And yes, before you ask, I am well-versed in the science of evolutionary adaptation. I’ve seen the beaks of Darwin’s canaries just like any other high schooler. But there was something about the story of creation, even if I didn’t believe in its scientific accuracy or its surrounding religion, that I couldn’t quite let go of.
God doesn’t stutter when he speaks heaven and Earth into being. There are no late starts or hangovers when you’re the Creator of the universe. You just awaken — or, I guess, remain awake — fresh-faced, bursting with inspiration, ready for another day of deciding where the contours of reality lie.
That’s an intimidating and unachievable model for the creative process, one that emphasizes instant perfection and no rewrites. I don’t think we’d be chanting the same hymns for thousands of years if God had said, “Let there be, I guess — wait, are we doing birds next?”
That’s one of the reasons I had such trouble identifying as a creative in my early life. I was always frustrated by the tedium of the process. Who was I to compare my out-of-focus stop-motion animation videos to the Creator who made everything, including me, from only a collection of sentences?

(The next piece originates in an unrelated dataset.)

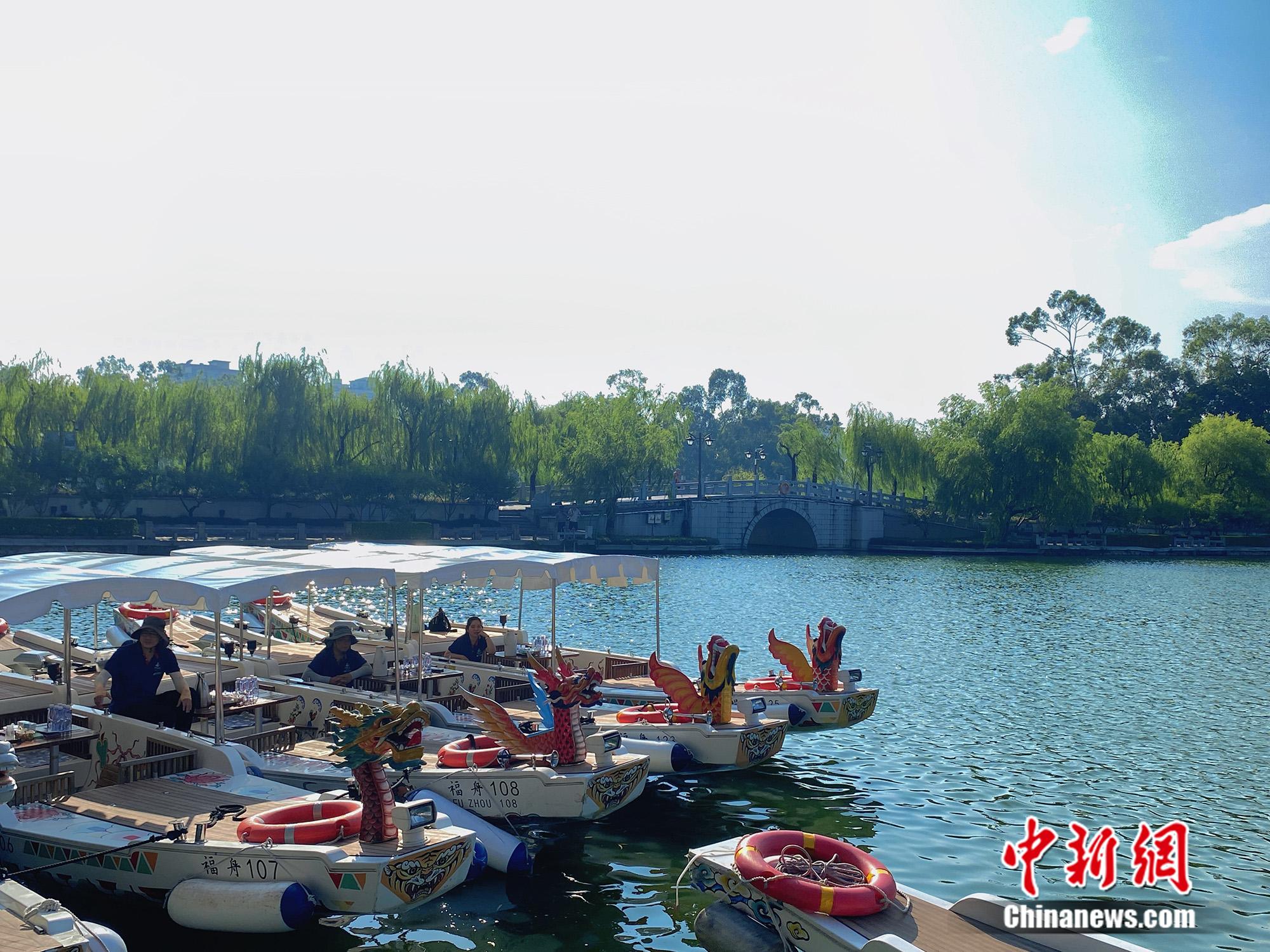 福州西湖岸邊的特色龍舟游船。蘇亦瑜 攝

Like it or not, my deepest artistic roots stem from the church. The first painting I ever saw was of a parable, the first song that ever moved me was from a choir, and the first stories that made me cry were delivered from a pulpit. And the deeper moral mythology about good and evil, heaven and hell, and creation as a concept — that isn’t something I can easily forgo.
There’s a certain comfort in an intelligent design story, in seeing myself as a piece of artistic work, a finished project that someone or something put their name on and were proud of. Like if I just looked hard enough, I might find a signature on my ankle.

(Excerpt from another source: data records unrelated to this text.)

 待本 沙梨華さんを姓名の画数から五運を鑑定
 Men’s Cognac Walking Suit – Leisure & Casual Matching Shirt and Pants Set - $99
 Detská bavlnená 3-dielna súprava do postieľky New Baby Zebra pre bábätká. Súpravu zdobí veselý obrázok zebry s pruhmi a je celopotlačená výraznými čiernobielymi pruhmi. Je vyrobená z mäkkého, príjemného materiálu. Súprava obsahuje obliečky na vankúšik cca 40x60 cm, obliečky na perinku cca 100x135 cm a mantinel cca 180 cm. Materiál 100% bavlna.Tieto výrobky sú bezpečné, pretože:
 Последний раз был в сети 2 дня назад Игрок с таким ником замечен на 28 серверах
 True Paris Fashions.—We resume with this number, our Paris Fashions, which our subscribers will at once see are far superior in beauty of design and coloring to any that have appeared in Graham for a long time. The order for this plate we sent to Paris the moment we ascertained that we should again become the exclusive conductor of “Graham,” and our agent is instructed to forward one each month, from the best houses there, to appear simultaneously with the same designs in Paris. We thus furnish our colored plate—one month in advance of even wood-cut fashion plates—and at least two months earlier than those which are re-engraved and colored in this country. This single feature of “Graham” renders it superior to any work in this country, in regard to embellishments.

One of the pillars of my own brand of faith, optimistic spiritual agnosticism, a term which, I agree, doesn’t make all that much sense — is to give creative processes the authority they are due. I intentionally call my doodles, drawings; my scribbles, writings; and my crafts, creations. That simple act of self-validation affirms the legitimacy and the legacy of those practices.
I am not here to advocate for purely religious understandings of the world. Hell, I don’t know if that’s even possible today. But I am here to say that if those stories live within you, whether or not you chose them, they impact the way we think about ourselves and our habits.
The stories we tell ourselves about how the world began and how creativity manifests, those images are ours to conjure, but only if they’re useful. If this version of the creation story doesn’t quite fit, if it bunches around the wrists or itches at the neck, dare to imagine something better. Find something that encourages and invites, instead of something that rules and punishes.
My higher power is the collection of the traits I respect most in my friends. For now, my creator is an artist hunched over a sawdusty workbench. Not unlike a student, their hair is speckled with sweat and they smell strongly of coffee. When they created the universe, they woke up late, misplaced their notecards and improvised — with purpose, not perfection.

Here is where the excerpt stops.